# OBD 2 scanner



## bmwblack55 (Sep 28, 2010)

Looking for cheap OBD 2 scanner for 2008 BMW E60 and AUDI Q7. I have one which used to work on my lexus 2002 but give me error in my audi.


----------



## tim330i (Dec 18, 2001)

For your BMW you'd be better off with something that can read BMW specific codes.


----------



## JimD1 (Jun 5, 2009)

I have a cheap scanner I bought from Harbor Freight years ago for about $50. I think they have something like it, possibly the exact same thing, in an add right now but I can't find it on-line. I haven't tried it in the BMW yet but the interface has to be the same, according to U. S. law, so I am sure it will read the codes and I will be very surprised if it doesn't reset them too. The book that came with it only has the generic codes in it but that covers most things. If the reader gives you a code that is not in the book it is time for some help from your on-line buddies. 

I also have NCSExpert and use it some. I could read codes that way too, I guess, but the little Harbor Freight reader works fine and is easier and quicker to use. The simple readers/cancelers will not give you any information about what the sensors are transmitting, they just read codes. Fancier readers and laptop programs will do more things but cost more and/or are more involved to use.

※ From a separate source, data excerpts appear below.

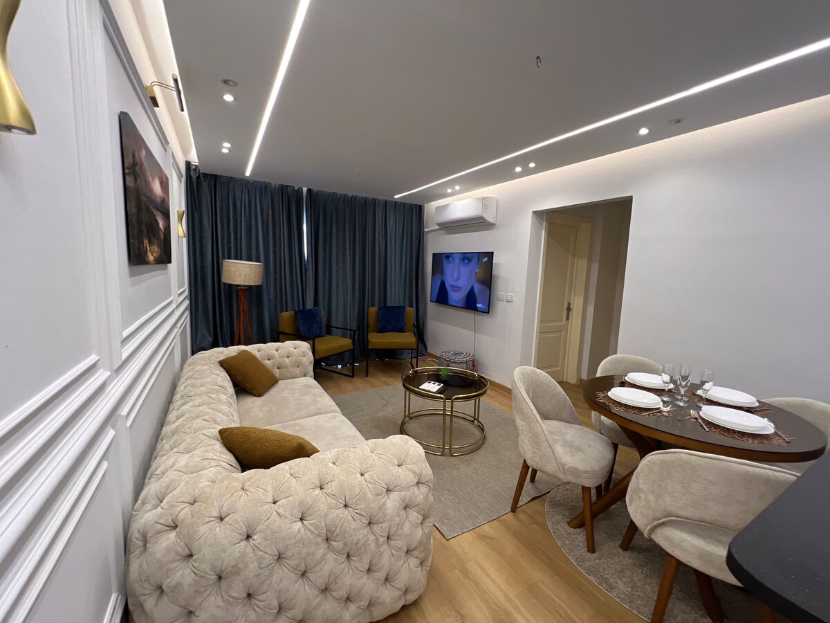 🌟 What This Place Offers • 🛏 Sleeps up to 4 guests (comfy bed + sofa bed) • ❄️ Fully air-conditioned with brand-new appliances • 💻 Optical fiber high-speed internet – perfect for work & streaming • 🍳 Fully equipped kitchen with stylish bar table • 📺 50” Smart TV in a cozy living area • 🚗 Only 4 min from Suez Road – easy access to the city • 🏡 Peaceful & friendly neighborhood
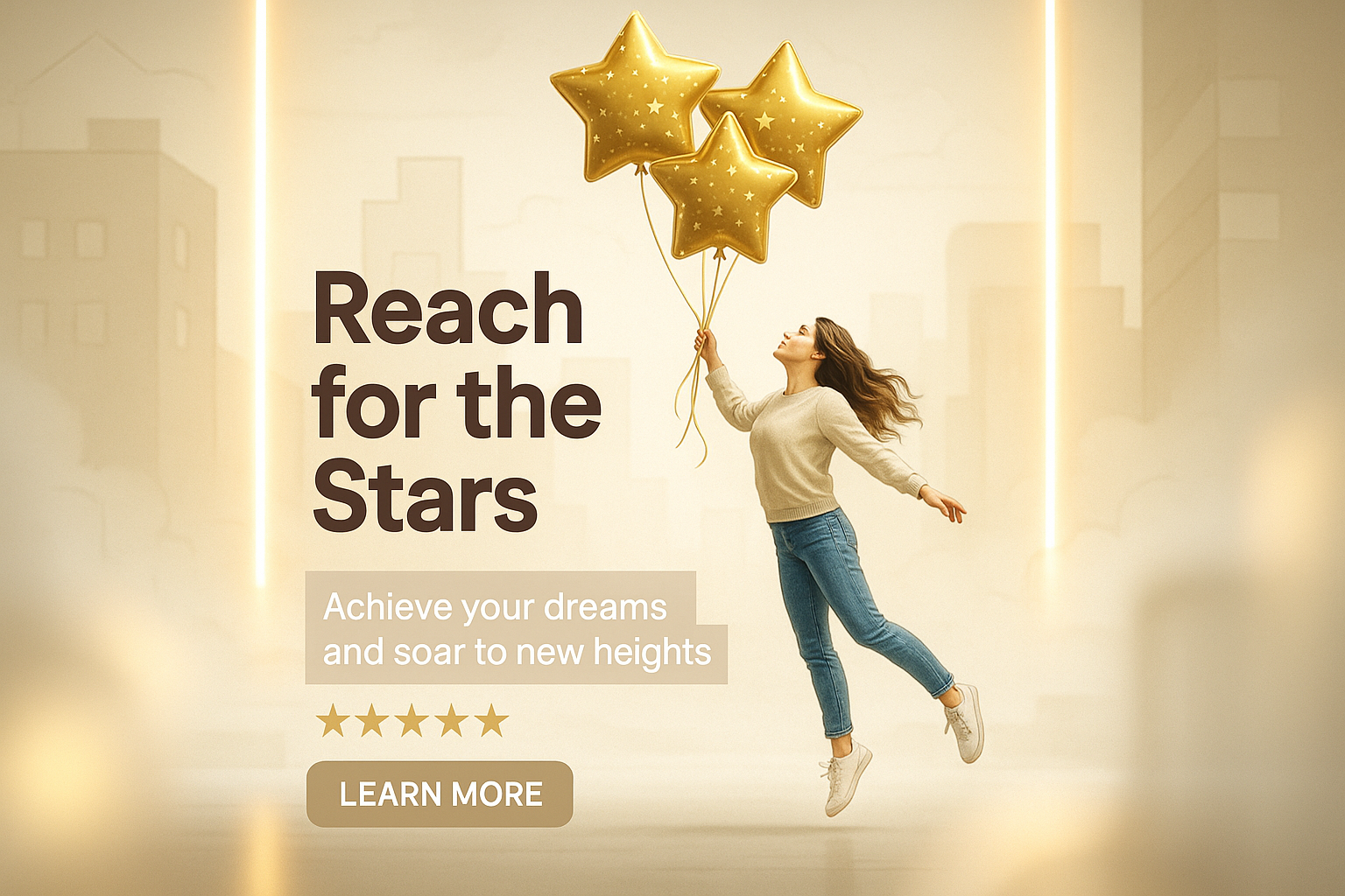 /Collection: /by davooda/Type: PNG/An uplifting promotional image featuring a woman holding gold star balloons, symbolizing dreams and aspirations. The soft color palette and light effects create a motivational atmosphere, ideal for personal development campaigns.
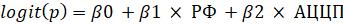 где P - вероятность осложнения, β0 – константа, β1 – коэффициент для РФ, β2 – коэффициент для АЦЦП. Для определения коэффициентов регрессии было использовано компьютерное программное обеспечение, Minitab (Minitab 19.1.1.0).

I haven't tried it yet but the cell phone/tablet program torque is also supposed to be able to read and cancel codes. There is a free version but I paid $5 for it as an app for my samsung tablet. You have to also get a device to send the OBDII signs to the tablet via bluetooth. I paid about $25 for that. All I've used torque for so far is to create additional "guages". I've displayed water temperature, voltage, air-fuel mixture, and other things my bimmer does not display. I don't have a good way to carry the tablet in the car yet but torque works for this fine. For reading codes you could do that parked.

Jim


----------



## bimmerzone (Jul 12, 2005)

You could get the Autoenginuity
http://www.bimmerzone.com/category/Diagnostic_BMW_Autoenginuity_Tool.html

The basic tool will work on all 3 of your cars and if you get the BMW Expansion, it will still work on all 3 cars and it will give you Expanded codes & diagnostics for your BMW


----------



## tmartin000 (Sep 23, 2012)

Holy crap, those are spendy code readers.

I'm in the market too.... 

How do they compare with these?

http://www.bavariantechnic.com/buy.aspx


----------



## bimmerzone (Jul 12, 2005)

Hi
I forgot to mention the Bavarian tool as well

http://www.bimmerzone.com/category/Diagnostic_BMW_Bavarian_Technic.html

Do take a look at our website and select one of the tools, scroll to the bottom of the page and you can take a look at some screen shots



tmartin000 said:


> Holy crap, those are spendy code readers.
> 
> I'm in the market too....
> 
> ...


----------



## tmartin000 (Sep 23, 2012)

Ok, now i see what the difference are between the Professional vs. Enthusiast. My question then moves to coding.

Is there a list?
*All supported commands are listed under the Commands option for the control unit.
Mouse-over any information or warning icons to view activation-specific pop-up messages*

That, to a newbe, doesn't really expound much.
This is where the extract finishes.